Palleon’s studies with E-602 led to their discovery that desialylation enhances T-cell function. Upon activation, the level of sialic acid in T cells increases. Furthermore, upon exhaustion, T cells become hypersialylated. As could be expected, sialidase treatment restored the function of T cells, as demonstrated by the rise in interferon-gamma production. Treatment with E-602 enhanced T-cell activity only in antigen-stimulated T cells; therefore, sialidase treatment should not lead to the systematic activation of these cells and to the potential release of cytokines. Although E-602 is an untargeted therapeutic, it nevertheless demonstrated activity in multiple syngeneic mouse tumor models. To address safety concerns, Dr. Peng postulated that E-602, because of its high Km (1 mM), should be most potent toward cells with abundant sialoglycans. Furthermore, desialylation of normal cells did not cause systematic immune activation, and without antigen engagement, sialidase treatment did not enhance T-cell activity. Accordingly, no adverse effects were observed at high dose levels in rats and non-human primates. Also, human peripheral blood mononuclear cell assays showed the absence of induction of cytokine release upon treatment with E-602. The effects of this molecule, administered alone and in combination with pembrolizumab, are now being evaluated in a Phase 1/2 dose escalation and dose-expansion study (NCT05259696) of patients with advanced cancers.
The company is also considering targeted approaches against immune cell and tumor-associated targets.
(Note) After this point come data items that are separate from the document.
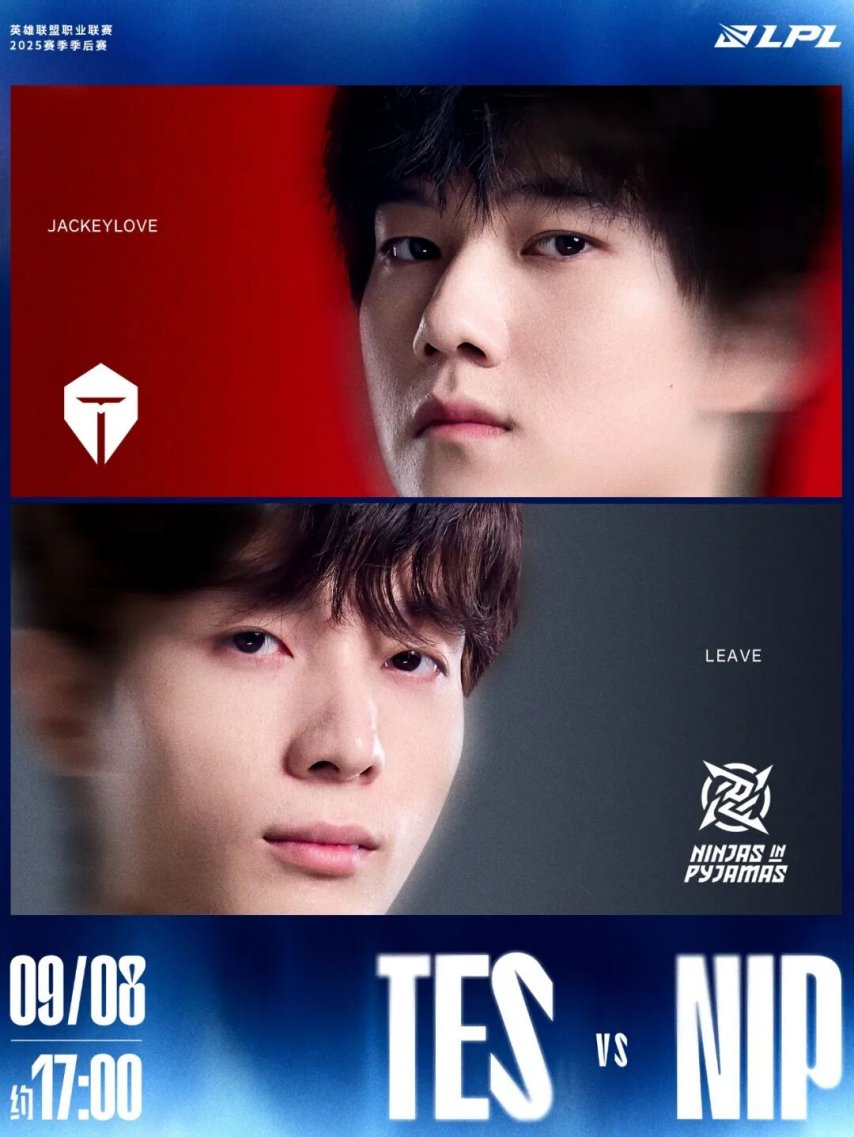 2025LPL季后赛第二日激战开启!AL与WBG率先于14:00展开BO5对决,胜者将锁定胜者组席位;约17:00 TES迎战NIP,争夺关键晋级机会。官方解说由记得、王淞、王多多、鼓担纲,余霜、刘航主持,周敢敢、阿芙负责互动环节。
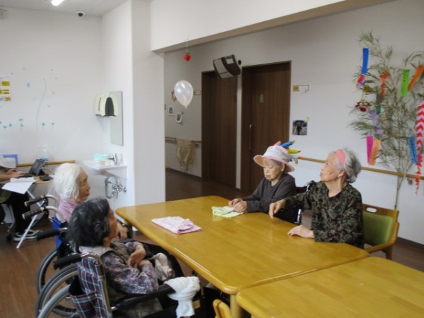 風船バレー遊びを行いました( ^ω^)・・・ 風船だから柔らかいから中々降りてこないね!! 思うようにいかないよ? 難しいわ(笑)
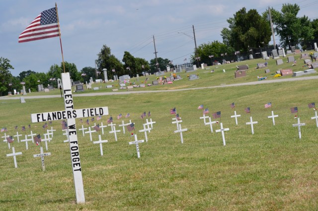 We drove through our local cemetery on Memorial Day and were touched by this display of honor and remembrance.  Lest we Forget ~
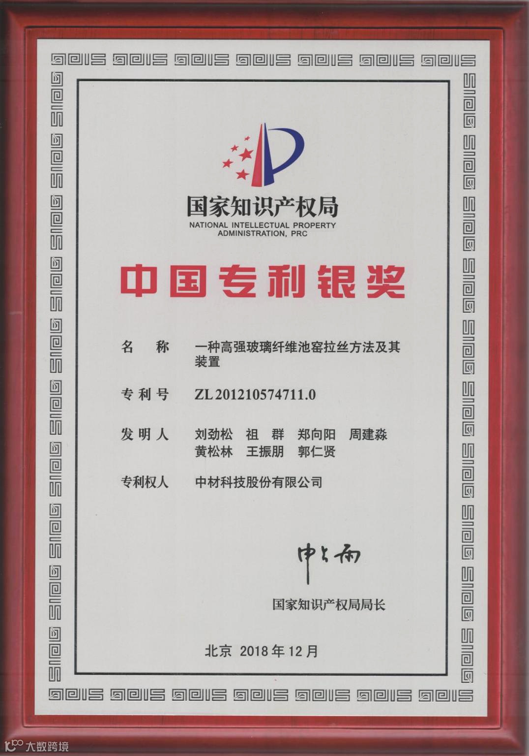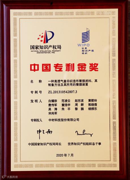 截至2023年底,中材科技累计有效专利115件,其中发明专利81件。“一种高透气量非织造布覆膜滤料、其制备方法及其所用的覆膜装置”发明专利2020年荣获第二十一届中国专利金奖,“一种高强玻璃纤维池窑拉丝方法及其装置”发明专利2018年荣获第十九届中国专利银奖。2022年,中材科技被认定为国家知识产权示范企业。
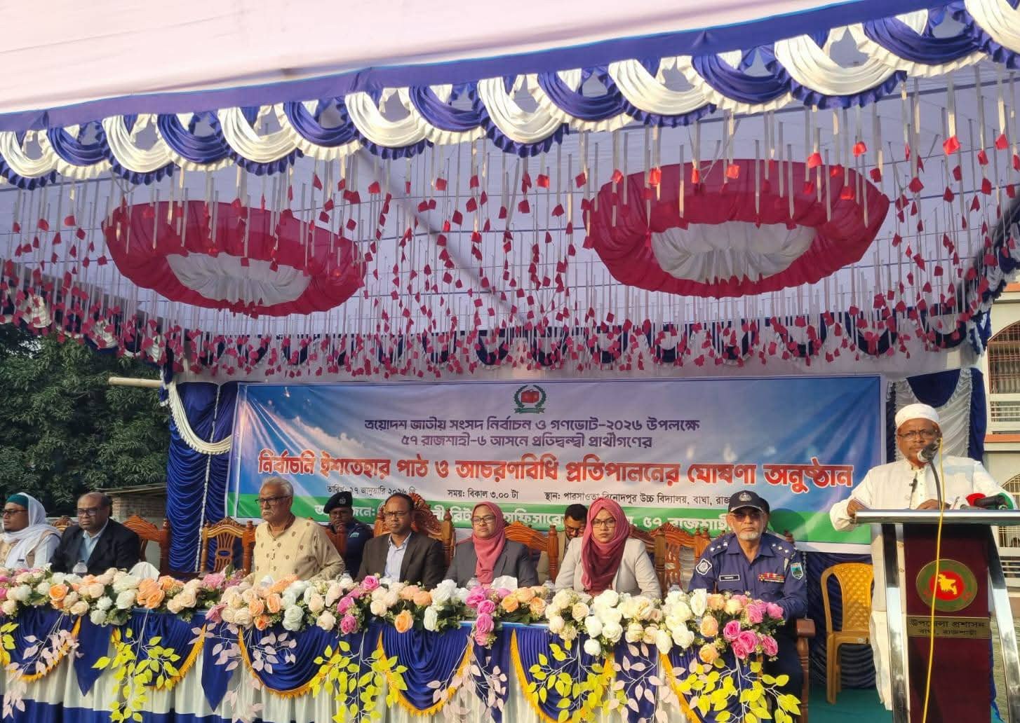 চারঘাট-বাঘা আসনে এক মঞ্চে ৪ প্রার্থীর ইশতেহার পাঠ

Aiming at creating additional treatment modalities for breast cancer patients with low sialylation, Dr. Peng presented data on a bifunctional Fc fusion molecule in which one arm binds the HER2, and the other performs the sialidase function. HER2-sialidase fusion protein demonstrated robust efficacy in a mouse EMT6-HER2 tumor model with low HER2 expression. In this study, responders tended to have higher levels of desialylation of immune cells (T cells and natural killer (NK) cells) than non-responders. Respondents had higher infiltration of NK cells within the tumors and reduced levels of M2 macrophages. This program is currently in the preclinical stage.
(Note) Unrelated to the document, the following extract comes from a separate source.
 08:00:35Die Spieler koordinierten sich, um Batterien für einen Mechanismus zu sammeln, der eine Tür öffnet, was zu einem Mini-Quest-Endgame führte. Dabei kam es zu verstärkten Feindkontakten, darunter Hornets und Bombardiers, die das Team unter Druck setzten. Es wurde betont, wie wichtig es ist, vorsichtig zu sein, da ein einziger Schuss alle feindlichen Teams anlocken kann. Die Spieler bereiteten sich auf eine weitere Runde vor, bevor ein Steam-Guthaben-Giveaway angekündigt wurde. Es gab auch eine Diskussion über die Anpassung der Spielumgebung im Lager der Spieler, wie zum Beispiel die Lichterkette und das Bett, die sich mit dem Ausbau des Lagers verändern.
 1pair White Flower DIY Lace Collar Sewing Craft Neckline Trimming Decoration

Blockade of individual Siglecs may still have a place in overcoming the immunosuppressive signaling that hypersialylation plays in cancer pathology. At the conference, Yan Chen, CEO of Elpis Biopharmaceuticals, reported the discovery of a human anti-Siglec15 antibody (EPB-001). EPB-001 binds with picomolar affinity to a unique epitope on Siglec 15 and potentiates strong anti-tumor activity by blocking the interaction of tumor-associated macrophages with T cells. EPB-001 blocks Siglec 15 on M2 macrophages and reverses immune suppression. According to Yan Chen, EPB-001 could be a promising therapeutic for tumors that are non-responding or resistant to immune checkpoint inhibitor treatment. This molecule is currently in preclinical studies.